'compute_35,sm_35' Code Generation in Release Build Causing "CUDA Runtime API error 30: unknown

I am using Visual Studio 2010 with Nsight 3.0 on Windows 7 64-bit computer. The GPU I am using is k20c and another low end quodro card with no CUDA capability. In the “Code Generation” settings under project property->CUDA C/C+±>Device, if I put “compute_10,sm_10;compute_20,sm_20;compute_30,sm_30”, it ran fine. But If I put “compute_35,sm_35” in, I got a “CUDA Runtime API error 30” error. Strangely the debug version ran fine in all generations.

Since k20 is sm3.5, I should really set it up to have “compute_35,sm_35” working. I ran memcheck with the debug version and it did not report any errors.

If I comment out a small portion of the code, the release version runs, but there is no reason that the code would not run with that part of the code. I simplified the code and it is very simple.
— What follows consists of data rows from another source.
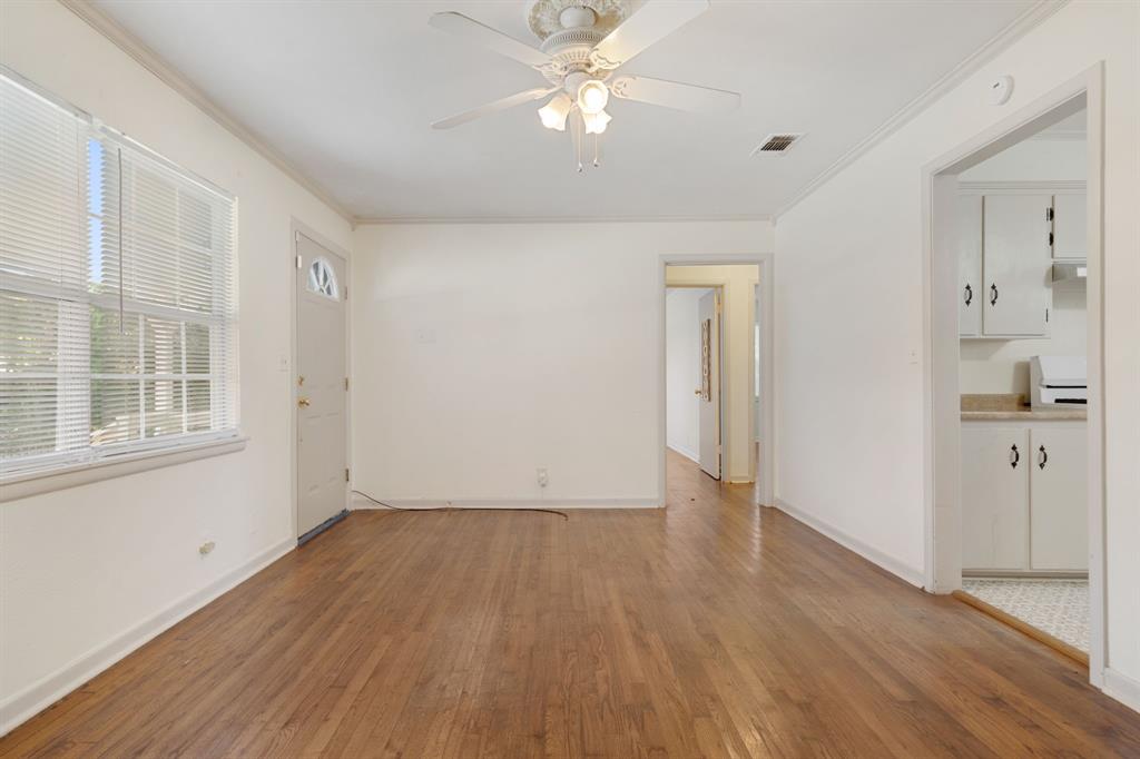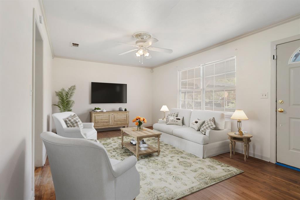 Welcome to this charming 2-bedroom, 1-bathroom home, a true Springtown gem! The inviting front porch, with its light blue ceiling and classic white railing, is the perfect spot to enjoy your morning coffee. As you step inside, you'll be greeted by beautiful original hardwood floors that flow throughout the main living areas, adding warmth and character.
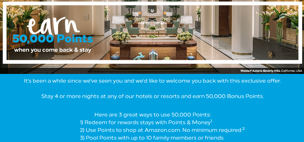 - Hilton almost always has some targeted promotions offering large amounts of Hilton points for completing certain stay requirements. A new batch of bonuses has been sent out, see if you are targeted for any of the following deals: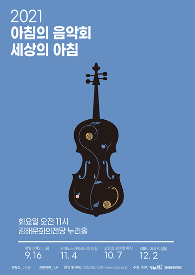 2021 하반기 새롭게 시작하는 '아침의 음악회'는 ‘이탈리아의 아침’(9월 16일), ‘고흐와 고갱의 아침’(10월 7일), ‘부에노스아이레스의 아침’(11월 4일), ‘티파니에서 아침을’(12월 2일) 이라는 제목으로 세계의 여러 나라의 도시와 음악, 알기 쉬운 해설을 통해 ‘코로나블루 탈출 세계여행’ 콘셉트로 진행된다.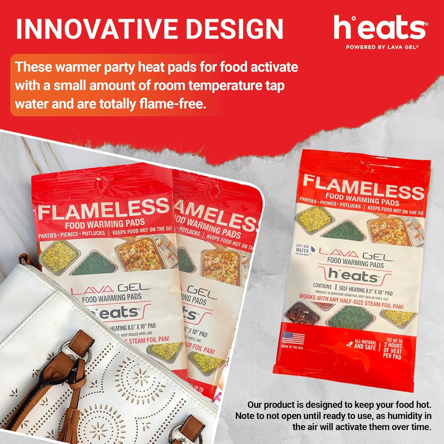 - Easy to Use: Simply add tap water to your chafing dish or aluminum pan and place the h°eats pad inside, then add your food on top in the same size pan. These self-contained and reliable warmers keep your food warm for events and other occasions.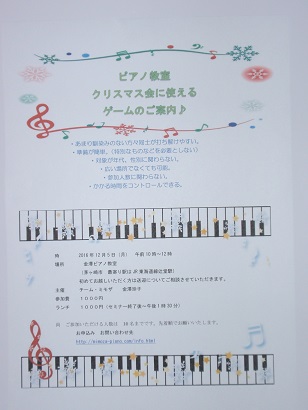 JUGEMテーマ:ピアノ教室/音楽教室 先日 少しご紹介した クリスマス会に使えるゲームのご案内企画の チラシができました。 子育て支援活動でも 活用しているものや オリジナルゲーム また 簡単にできる 音楽ビンゴのご提案など 盛りだくさん。 ぜひ 皆様の 貴重なひとときにご利用いただけると うれしいです。 いつもブログにお越しくださりありがとうございます。 今日もこちら↓をクリック...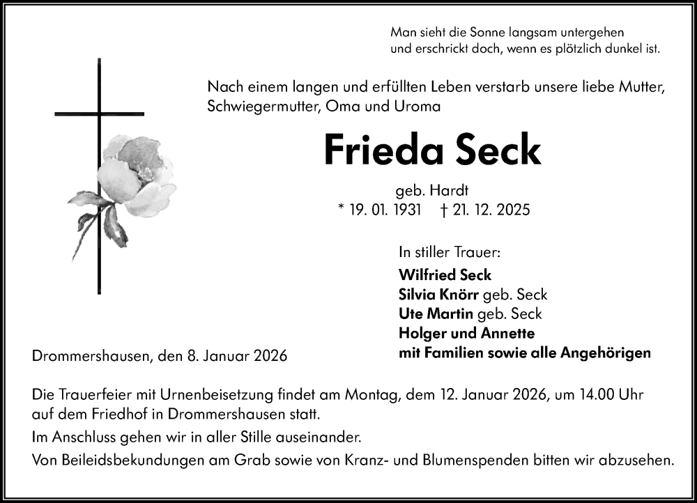 Hier finden Sie alle Traueranzeigen aus der Zeitung, die bisher für Frieda Seck erschienen sind. Weitere Traueranzeigen, die in der Zeitung erscheinen, werden hier ebenfalls aufgelistet

When I comment out a smaller portion of the code, I got a crash dialogbox “cicc.exe stopped working”. This is very likely a compiler bug.

Attached is the code. Please search “NOTE:” in .cuh file to see where the portion of code was commented out for it to run and where the portion of the code that causes crash.

I have the same problem,

I am trying to get an answer . . . .

The bug is fixed in CUDA 5.5 RC. You can get it from CUDA RDP.